Reading a job posting is very much like reading a recipe.
Most people know that you should read the whole recipe first and gather your ingredients and equipment before you start cooking. It’s exactly the same with a job posting and as with many recipes, many people want to be shown how to make something rather than just read about it. In making a job application, employers want you to show them how you’d be a good employee, not just tell them you will. This is the key to creating a successful application. Proof, demonstration, real examples of how, when and where you did what you say you did.
Employers often include a large list of needs and wants (ingredients) for a potential employee but they often hire people who may only have the minimum job requirements if they feel the person will learn and be a good fit with the team. Here are some ideas on how to approach the “recipe” of a job posting that will help you effectively prepare cover letters and resumes.
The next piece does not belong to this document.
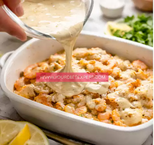 - Pour the prepared sauce over the seafood, using a spoon or spatula to gently spread it if needed, making sure every piece is evenly coated for maximum flavor and creaminess.

Read the job description and follow directions
We often skim over a recipe when we’re cooking and miss crucial steps and even essential ingredients and then need to reread recipes several times to really get an idea of how to proceed. It’s exactly the same with job postings, except that you only get one chance to make that first impression. Be sure to take your time, read a job posting multiple times and be absolutely sure of what the employer is looking for before you start preparing your plan of action in applying for the position. Follow the employer’s directions exactly on how to apply and include whatever information they request.
Posting dates and expiry dates
Apply for a position as soon as you see it. Employers often review resumes as soon as they come in, or go through older resumes they have on file. Once employers find a suitable number of candidates to interview, they may stop reviewing resumes, even if the posting hasn’t yet expired. Again, apply as soon as the job is posted to have the very best chance. Sign up on employment sites to have new job postings sent directly to your email inbox.
We’re looking for someone who…
All things being equal, an employer will hire someone who is the best “fit” unless they abide by a diversity mandate that requires they hire candidates that meet certain requirements. They will describe their work environment and what personality types, attributes and attitudes they welcome in their environment. Show them how you fit with specific examples of what makes you “fun-loving, energetic and creative”, instead of just telling them you are.
Job description / job duties / your responsibilities
These are the tasks you will have to do on the job and often list the most important job duties in the top three spots on the list. Read through them carefully and highlight the actions words used to describe each job duty and then make a list of the experiences you have that match what the new employer needs.
This section requests what minimum qualifications an employer needs from a candidate. Certainly, some qualifications may be set, such as, perhaps, certain educational certifications. However, many people are flexible and do hire people who may not have quite what they list. If they’re asking for three years, and you have only two, apply anyway. Check phrases or words like “must-have” or “preferred”, “asset”, to see whether there may be some flexibility.
Think in terms of showing proof of the skills you’ve used in the past by giving specific examples of when and where you used certain skills. Instead of saying, “Yes, I have customer service skills”, try saying “During my time at ABC Company, I handled over 80 customers a day with a 100% client satisfaction rating.”
Must be a team player and also work independently
Employers want to know that you will contribute to and support the team in its mission and values while at the same time be able to follow through with tasks that are assigned to you, or for which you must take initiative. Again, show how you contribute as a team member and give examples of working independently.
Every employer hopes to attract reliable, competent, friendly and professional staff. If the candidate doesn’t quite have all of the necessary skills or experience, the employer may be willing to hire a person because they believe that the candidate will fit in well and easily learn what is needed to accomplish the job successfully. By carefully reading a job posting, you will know which ingredients an employer insists on having, what might be negotiable and what other ingredients you can offer that will make up the ideal recipe for a wonderful new employee. You may even be able to throw in a bit of spice!